Kader senin tercihindir
Herkesin kadere belli ölçülerde inancı vardır. Ama kadere, hayrın
ve şerrin Allah'tan geldiğine kesin olarak inanmak, imanın bir şartıdır.
Çoğu insan
hapishanedekilere diyor ki "Kader
mahkumu". Ne demek kader mahkumu? Eğer ortada özgür irade
ile şeçilerek işlenilen bir fiil varsa, kaderin ne suçu var.
Allah iki tür irade ile insanların kaderini yazmıştır. Dikkat edin bu nokta mühim. Önceden bilerek yazma söz konusudur. Birincisi
"külli irade" ve ikincisi "cüz-i irade” dir.
Külli irade; önceden Allah'ın imtihan olarak, insanlara takdir
buyurduğu olaylardır. Bunlar insanlara seçme iradesi verilmeyen olaylardır.
Örneğin, Tekerlekli sandalyeye bağlı bu hastalığı, ben seçmedim. Bu, bana
Allah tarafından imtihanımın bir gereği olarak verildi.

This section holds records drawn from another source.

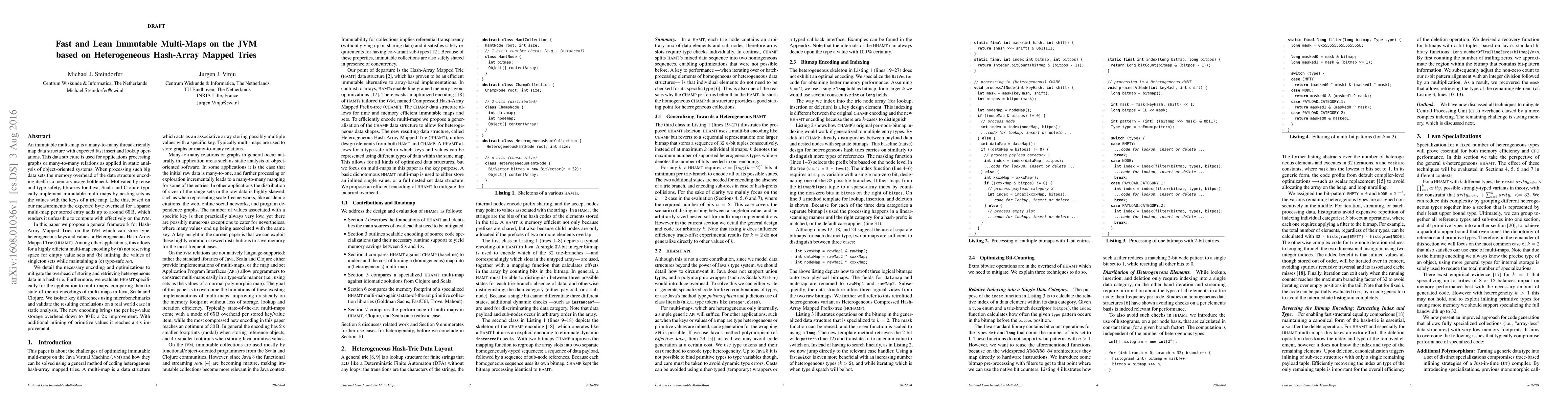 An immutable multi-map is a many-to-many thread-friendly map data structure with expected fast insert and lookup operations. This data structure is used for applications processing graphs or many-to-many relations as applied in static analysis of object-oriented systems. When processing such big data sets the memory overhead of the data structure encoding itself is a memory usage bottleneck. Motivated by reuse and type-safety, libraries for Java, Scala and Clojure typically implement immutable multi-maps by nesting sets as the values with the keys of a trie map. Like this, based on our measurements the expected byte overhead for a sparse multi-map per stored entry adds up to around 65B, which renders it unfeasible to compute with effectively on the JVM. In this paper we propose a general framework for Hash-Array Mapped Tries on the JVM which can store type-heterogeneous keys and values: a Heterogeneous Hash-Array Mapped Trie (HHAMT). Among other applications, this allows for a highly efficient multi-map encoding by (a) not reserving space for empty value sets and (b) inlining the values of singleton sets while maintaining a (c) type-safe API. We detail the necessary encoding and optimizations to mitigate the overhead of storing and retrieving heterogeneous data in a hash-trie. Furthermore, we evaluate HHAMT specifically for the application to multi-maps, comparing them to state-of-the-art encodings of multi-maps in Java, Scala and Clojure. We isolate key differences using microbenchmarks and validate the resulting conclusions on a real world case in static analysis. The new encoding brings the per key-value storage overhead down to 30B: a 2x improvement. With additional inlining of primitive values it reaches a 4x improvement.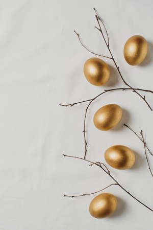 Easter concept with golden eggs and twigs flat lay on white texture background, copy space, top view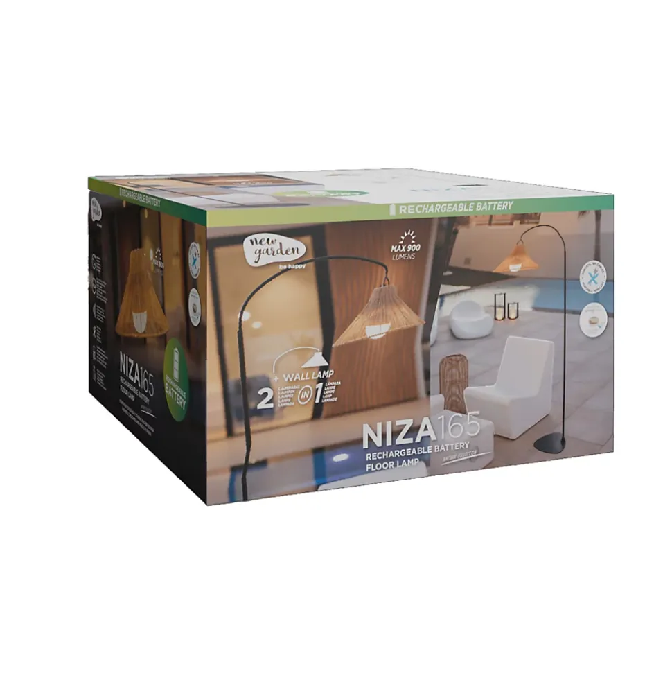 Lampadaire d’extérieur rechargeable dimmable Niza aspect fibres naturelles noir H.165 900lm Newgarden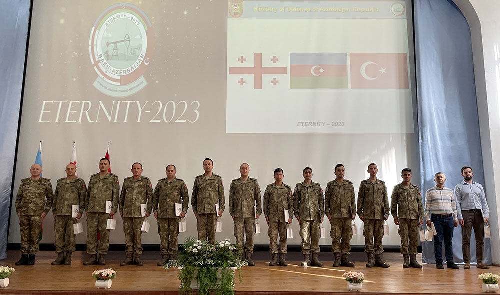 Azərbaycan, Türkiyə və Gürcüstanın hərbi qulluqçularının iştirakı ilə Bakıda keçirilən “Eternity-2023” kompüter dəstəkli komanda-qərargah təlimi başa çatıb.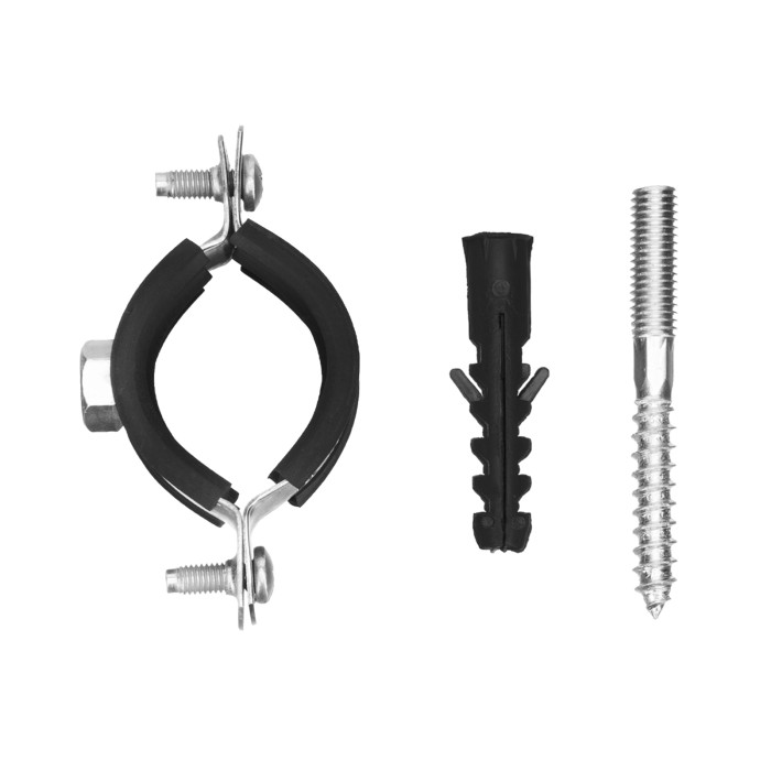 Хомут сантехнический для труб 32-36 (1") с резиновым уплотнением, шпилькой и дюбелем, 1 шт, Сибртех

Bunun gibi insanların dünyaya gelme yılı, ailesi, ülkesi, rengi vs. hep
külli iradenin yani Allah'ın bizlere takdir buyurduğu kaderin parçalarıdır.
Cüz-i irade ise, Allah tarafından özgür
irademizle seçmemiz için verilen özgürlüklerdir. Ve yaptığımız her iyi/kötü her
seçimin ahirette hesabı var.
Mesela, televizyonun karşısına oturmayı, bilgisayara tercih ettik
diyelim. Hangi kanalda, hangi tür programı izlemeyi seçmeyi, hep bize verilen
bu cüz-i irade ile yapmaktayız. Haram
şeyleri izleyene günah yazılır. Faydalı şeyler izleyene sevap yazılır.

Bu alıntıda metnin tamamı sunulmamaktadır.